Comparison of the antianginal efficacy of acebutolol and propranolol. A multicenter, randomized, double-blind placebo-controlled study.

Abstract
The effects of oral acebutolol, a cardioselective .beta.-adrenergic blocking agent with partial agonist activity were compared with those of oral propranolol, a noncardioselective agent devoid of partial agonist activity, on the exercise tolerance and anginal pattern in 46 male patients with chronic stable angina pectoris. A 28-wk, multicenter, placebo-controlled, randomized, double-blind, crossover study design was used. Each double-blind treatment phase was followed by a 2-wk gradual drug-withdrawal phase and a placebo-controlled drug-free week. Angina frequency, nitroglycerin consumption and symptom-limited exercise tests were assessed throughout the study. Acebutolol and propranolol produced compared levels of .beta. blockade at 1650 .+-. 375 mg/day and 219 .+-. 50 mg/day (mean .+-. SD), respectively, as confirmed by a significant reduction in resting and peak exercise heart rates and rate-pressure products.
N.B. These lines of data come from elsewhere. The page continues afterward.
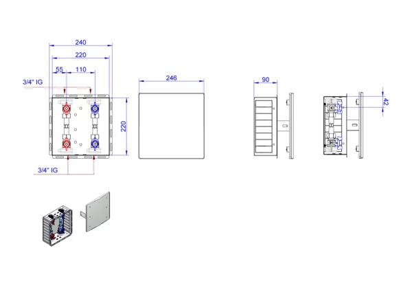 246 x 246 x 108 mm
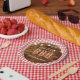 Sirva seus convidados nessas placas de CHURRASCO personalizadas. Estas placas de papel apresentam madeira rústica sobre fundo de gingham vermelho e branco, luzes de cordas de mason jar e letras de CHURRASCO de marque vermelha. Perfeito para o seu CHURRASCO de quintal.
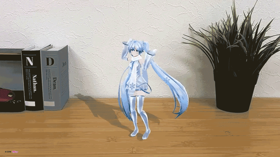 スマートフォンやMRデバイスを活用してキャラクターの表情・ポーズ・サイズを自由に変更し、ご自宅に配置することが可能です。
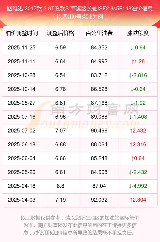 依照11月25日0號柴油最新調(diào)整價(jià)格6.59元/升來計(jì)算(以四川為例),該車型百公里的平均油費(fèi)是84.352元,依照上一輪11月11日調(diào)整價(jià)格6.64元/升來計(jì)算,百公里的平均油費(fèi)是84.992元,對比上一輪少花0.64元,下一輪的油價(jià)調(diào)整時(shí)間12月8日24時(shí)。
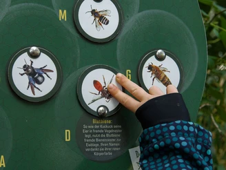 Große Aufregung im Bienenvolk: "Melli von Hüppelrott" ist verschwunden. Was ist passiert? Wenn du mehr über das Leben der Honigbiene erfahren möchtest und verstehen willst, wie sie im Wald und mit dessen anderen Bewohnern lebt; wenn du wissen willst, warum die Honigbienen in Gefahr sind und was wir alle dagegen tun können, dann bist du hier genau richtig: Wusstest du schon, dass in einem Bienenvolk bis zu 60.000 Bienen leben und arbeiten? Dass ein einziger Tropfen Honig das Lebenswerk einer Arbeitsbiene ist? Oder dass ein Bienenvolk für 500 g Honig umgerechnet dreimal um die Erde fliegt? Das alles und noch viel mehr erfährst du auf Melli‘s Bienenlehrpfad. Außerdem gibt er dir auch Gelegenheit, Melli von Hüppelrott und ihre Artgenossen mit allen Sinnen zu erfahren: Erlerne z.B. die Bienensprache durch Ertasten, schau dir eine Blumenwiese mit Bienenaugen an oder übernimm beim „Wabenspiel“ den Job einer Tankwart- oder Wächterbiene.
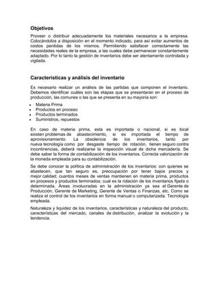 El inventario es el conjunto de mercancías o artículos que tiene la empresa para comerciar o fabricar y vender. Los inventarios incluyen materias primas, productos en proceso, productos terminados y suministros. Un buen manejo de inventarios es importante para satisfacer las necesidades de la empresa y evitar aumentos de costos o pérdidas.
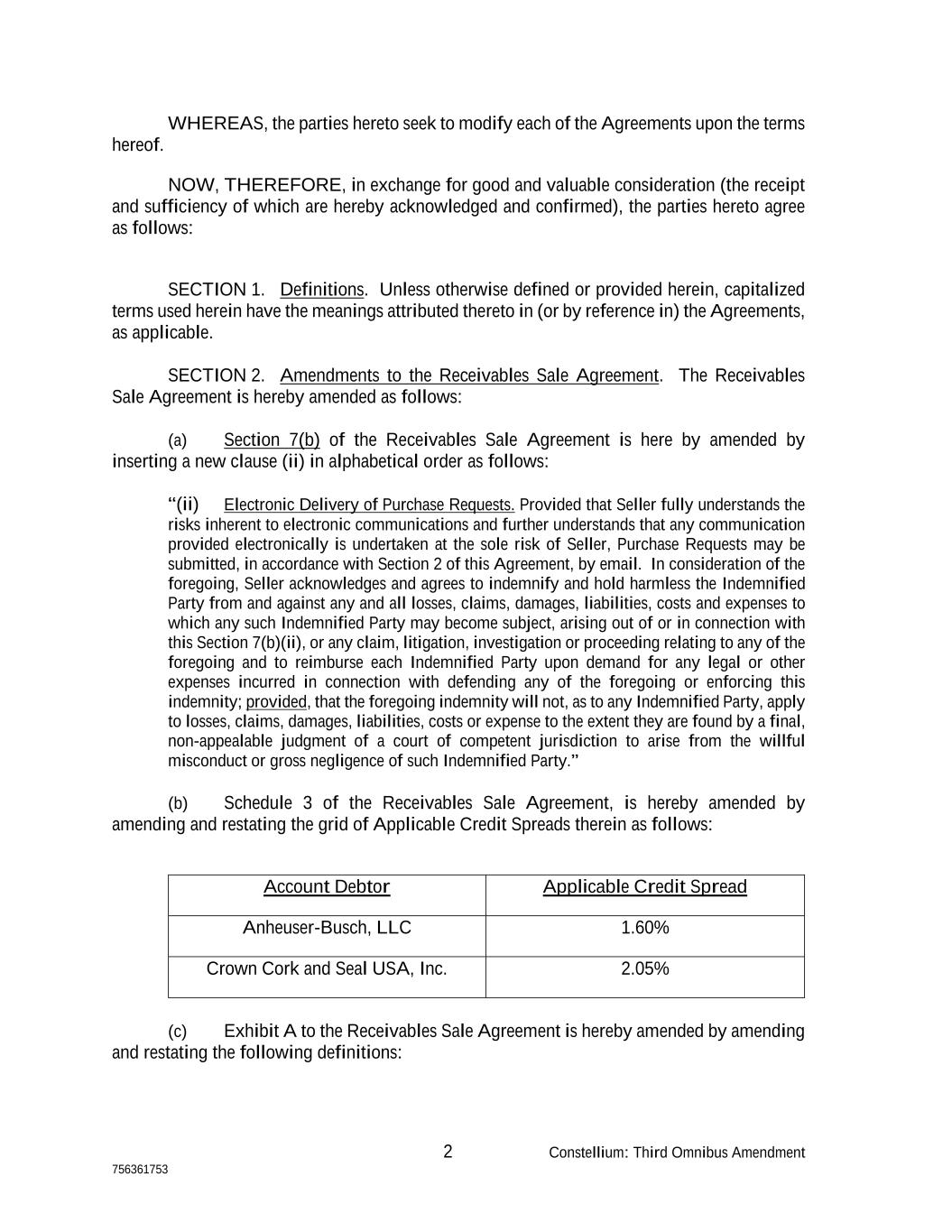 2 Constellium: Third Omnibus Amendment 756361753 WHEREAS, the parties hereto seek to modify each of the Agreements upon the terms hereof. NOW, THEREFORE, in exchange for good and valuable consideration (the receipt and sufficiency of which are hereby acknowledged and confirmed), the parties hereto agree as follows: SECTION 1. Definitions. Unless otherwise defined or provided herein, capitalized terms used herein have the meanings attributed thereto in (or by reference in) the Agreements, as applicable. SECTION 2. Amendments to the Receivables Sale Agreement. The Receivables Sale Agreement is hereby amended as follows: (a) Section 7(b) of the Receivables Sale Agreement is here by amended by inserting a new clause (ii) in alphabetical order as follows: “(ii) Electronic Delivery of Purchase Requests. Provided that Seller fully understands the risks inherent to electronic communications and further understands that any communication provided electronically is undertaken at the sole risk of Seller, Purchase Requests may be submitted, in accordance with Section 2 of this Agreement, by email. In consideration of the foregoing, Seller acknowledges and agrees to indemnify and hold harmless the Indemnified Party from and against any and all losses, claims, damages, liabilities, costs and expenses to which any such Indemnified Party may become subject, arising out of or in connection with this Section 7(b)(ii), or any claim, litigation, investigation or proceeding relating to any of the foregoing and to reimburse each Indemnified Party upon demand for any legal or other expenses incurred in connection with defending any of the foregoing or enforcing this indemnity; provided, that the foregoing indemnity will not, as to any Indemnified Party, apply to losses, claims, damages, liabilities, costs or expense to the extent they are found by a final, non-appealable judgment of a court of competent jurisdiction to arise from the willful misconduct or gross negligence of such Indemnified Party.” (b) Schedule 3 of the Receivables Sale Agreement, is hereby amended by amending and restating the grid of Applicable Credit Spreads therein as follows: Account Debtor Applicable Credit Spread Anheuser-Busch, LLC 1.60% Crown Cork and Seal USA, Inc. 2.05% (c) Exhibit A to the Receivables Sale Agreement is hereby amended by amending and restating the following definitions:
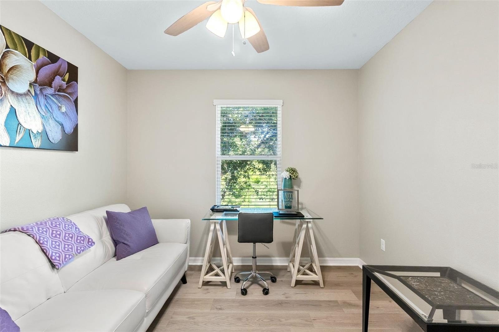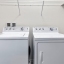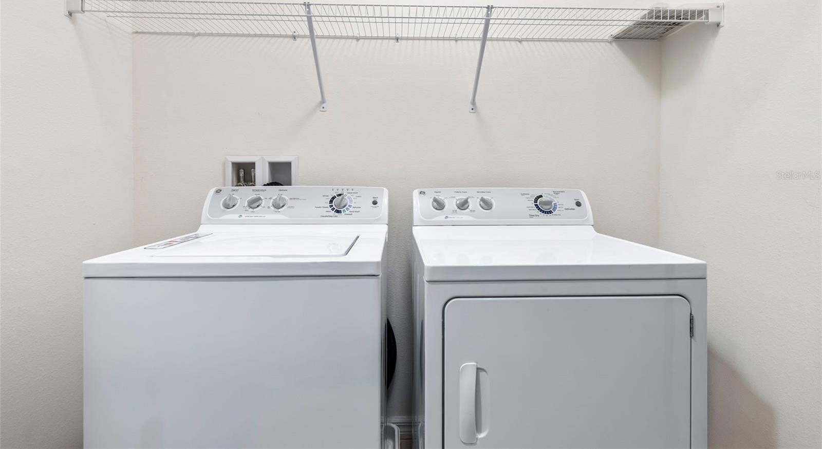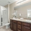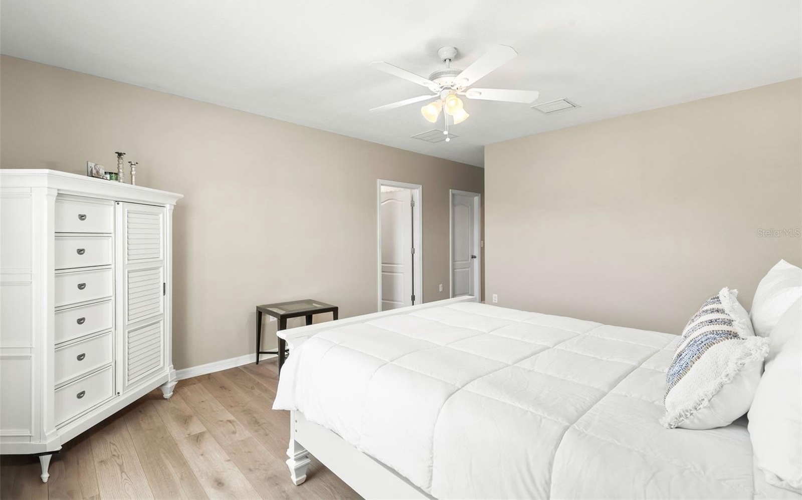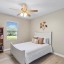 Upstairs, the laundry closet with shelving is conveniently located near all three bedrooms. The two secondary bedrooms are spacious and versatile, each with generous closet space. The full guest bathroom features solid wood cabinetry, sleek fixtures, and a combination tub and shower.
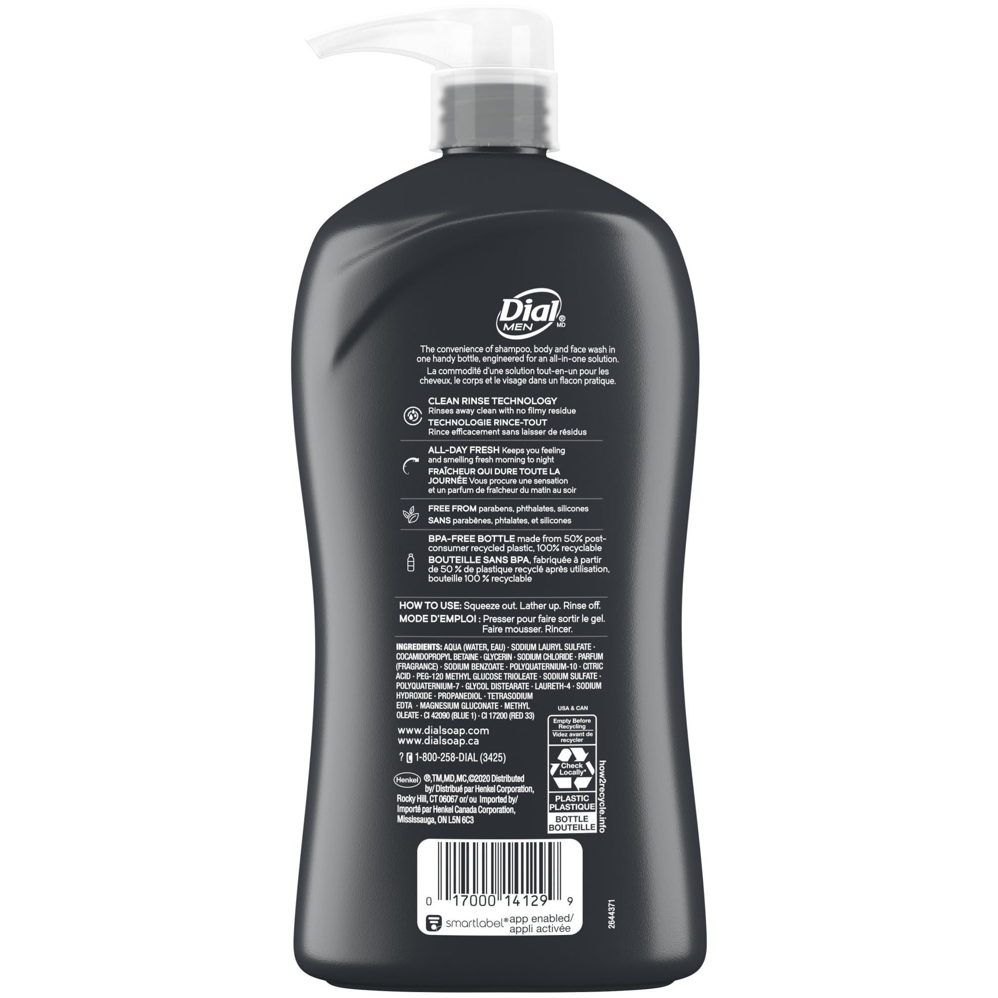 MULTIBENEFIT: Dial Men 3-in-1 formula for your hair, body and face. One bottle, one solution for all your shower needs
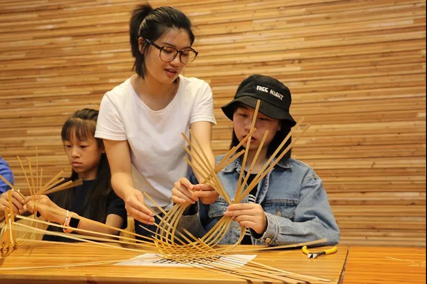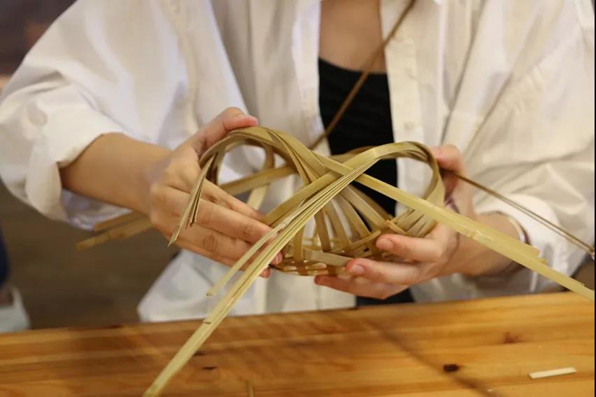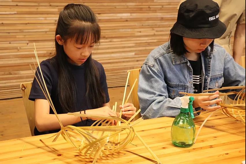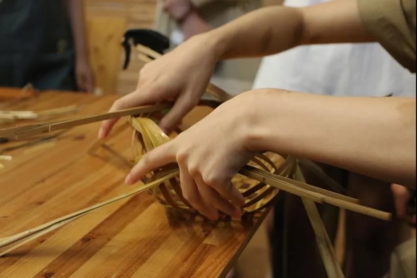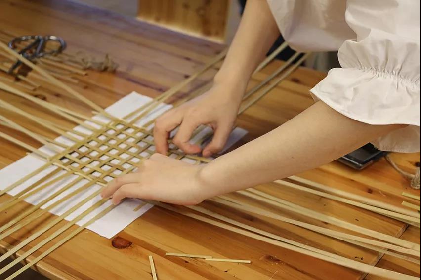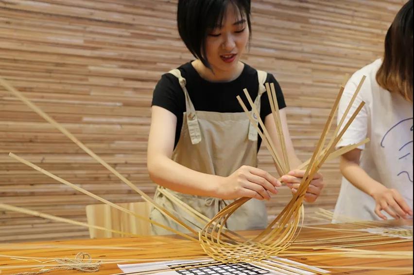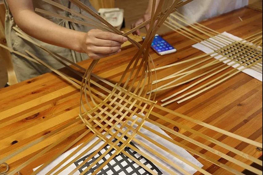 本次民艺工坊“竹够好玩”是一次关于竹编的体验课程。传统竹编工艺在我国有着悠久的历史,富含中华民族劳动人民辛勤劳作的结晶,已列入国家级非物质文化遗产名录。竹编是指竹篾片的挑压交织,一般称被挑压的篾为“经”,而编织的篾为“纬”。由经与纬的挑压可以编织出千变万化的图案,从而制作出千姿百态的竹编产品,根据编织工艺的不同,竹编可分为平面竹编、立体竹编和混合竹编。工艺大体可分起底、编织、锁口三道工序,在经纬编织的基础上,还可以穿插各种技法。
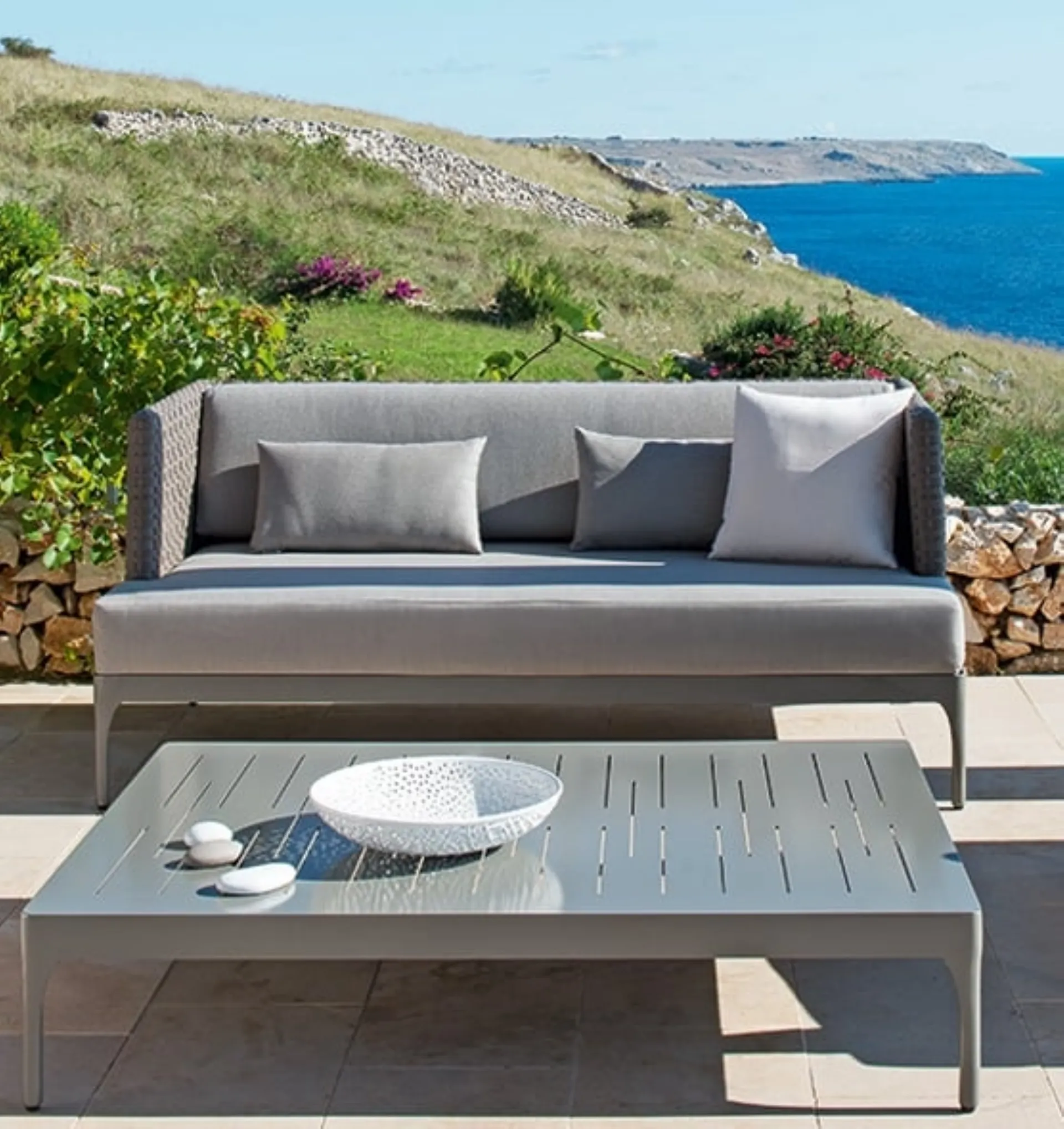 The renowned brand produces garden tables in fabric that can guarantee total customer satisfaction, both in terms of aesthetics and functionality. In the summer, gardens become almost like another room in the house, to be furnished with style: the furnishings must be beautiful and resistant to weather conditions. Those who have an outdoor space know that it is fortunate to be able to enjoy it when the weather is mild, chatting with friends and family or enjoying the surrounding landscape. Ethimo's Infinity Sofa and Table: belongs to the brand's rich range of outdoor furnishings, a guarantee of quality and excellence in the field.

Compared with placebo (acebutolol vs. propranolol, NS [not significant]), acebutolol produced a greater reduction in systolic, mean and diastolic blood pressures and a smaller reduction in resting heart rate than propranolol, presumably reflecting its partial agonist and cardioselective properties during similar dose-titration phases. Exercise duration and exercise work improved similarly with each agent. Acebutolol and propranolol significantly and comparably reduced anginal frequency (56% and 54%, respectively, P < 0.001) and weekly nitroglycerin consumption (57% and 47%, respectively, P < 0.01) compared with placebo. No clinical or laboratory side effects of acebutolol or propranolol necessitated drug withdrawal. Acebutolol is a well-tolerated and safe .beta.-adrenergic blocking agent that possesses cardioselective and mild intrinsic sympathomimetic activities and compares favorably with propranolol in antianginal efficacy in patients with chronic stable angina.